> **About this task**
What you return should be only the lines starting at the one that contains "Peacock Decor Curtains" and running to the end of the listing, exactly as written, minus any pictures.

> **Data block**
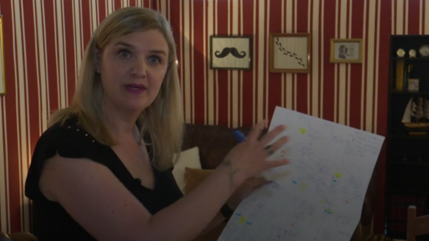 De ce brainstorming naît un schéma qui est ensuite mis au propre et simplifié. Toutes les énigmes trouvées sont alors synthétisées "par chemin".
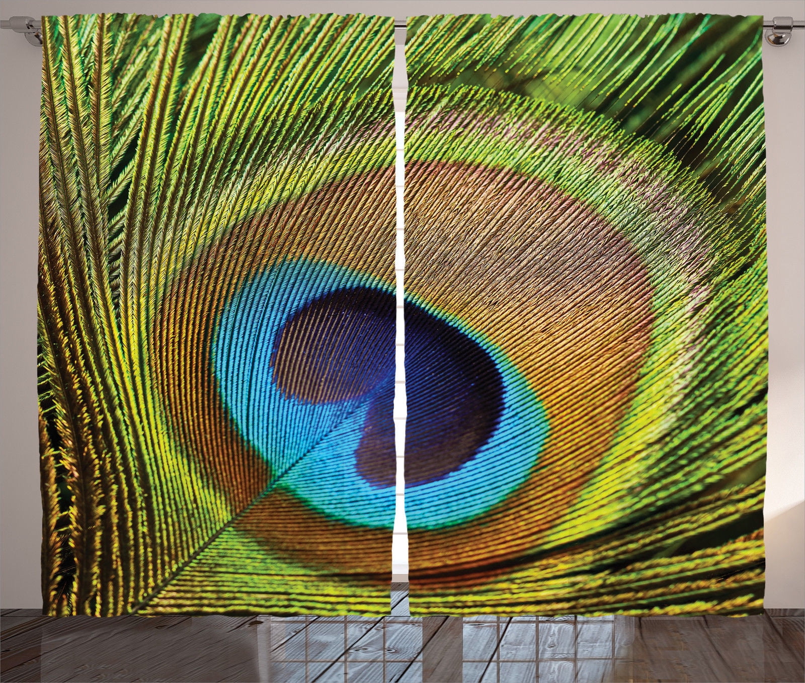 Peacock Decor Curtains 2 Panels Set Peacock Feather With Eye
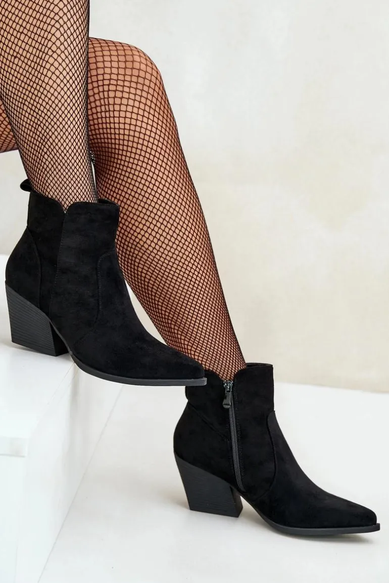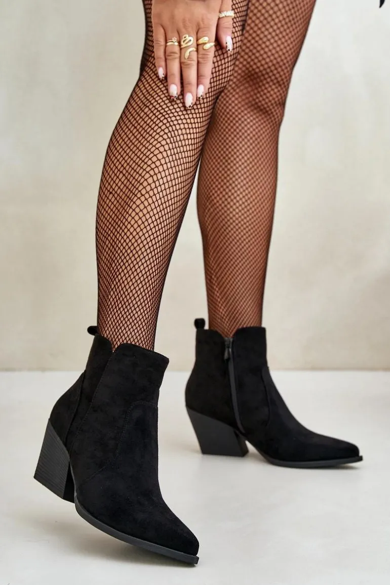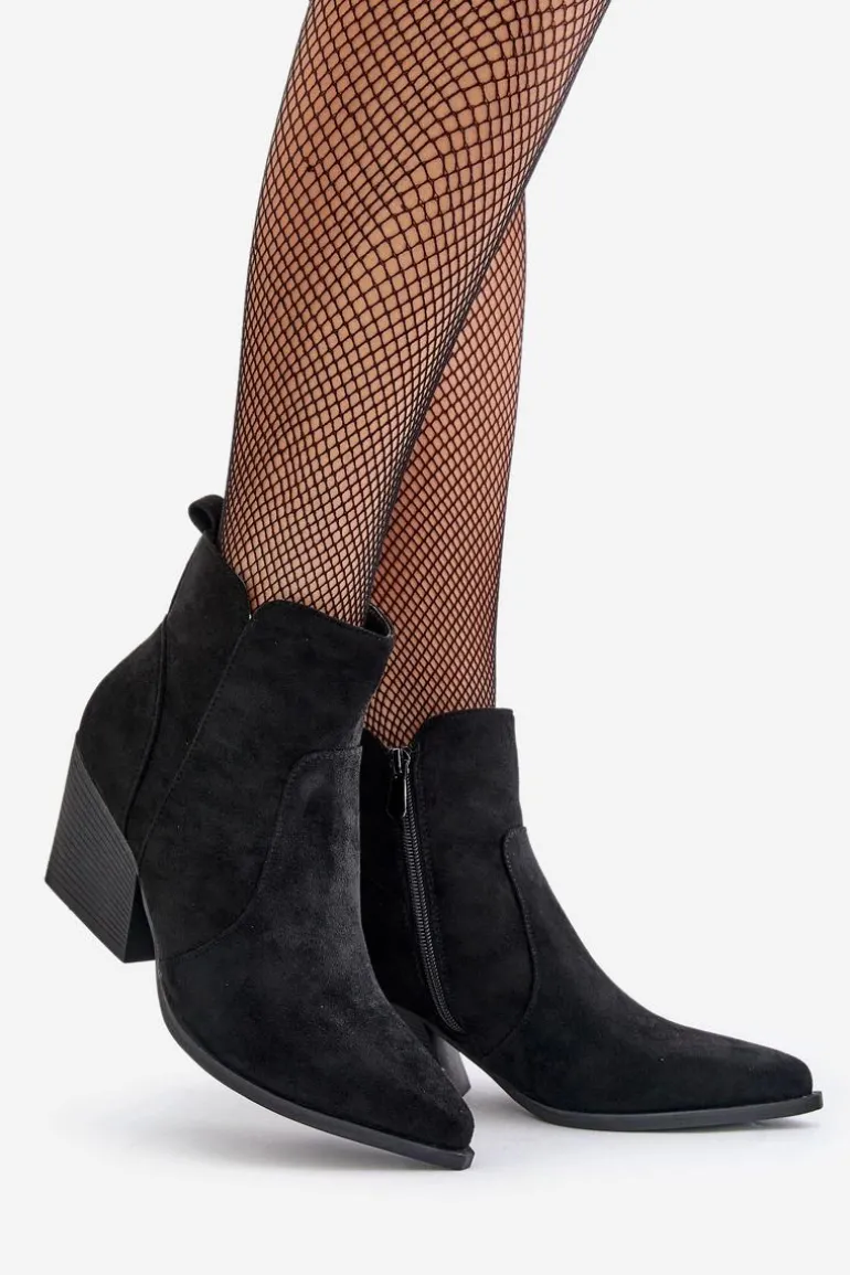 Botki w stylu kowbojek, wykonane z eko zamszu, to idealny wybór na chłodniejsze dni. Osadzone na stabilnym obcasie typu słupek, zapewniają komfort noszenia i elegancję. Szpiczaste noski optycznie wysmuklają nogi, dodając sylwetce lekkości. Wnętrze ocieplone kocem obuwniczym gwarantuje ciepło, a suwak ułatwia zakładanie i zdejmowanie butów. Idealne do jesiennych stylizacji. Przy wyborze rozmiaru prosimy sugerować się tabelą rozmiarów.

> **Answer to this task**
 Peacock Decor Curtains 2 Panels Set Peacock Feather With Eye
 Botki w stylu kowbojek, wykonane z eko zamszu, to idealny wybór na chłodniejsze dni. Osadzone na stabilnym obcasie typu słupek, zapewniają komfort noszenia i elegancję. Szpiczaste noski optycznie wysmuklają nogi, dodając sylwetce lekkości. Wnętrze ocieplone kocem obuwniczym gwarantuje ciepło, a suwak ułatwia zakładanie i zdejmowanie butów. Idealne do jesiennych stylizacji. Przy wyborze rozmiaru prosimy sugerować się tabelą rozmiarów.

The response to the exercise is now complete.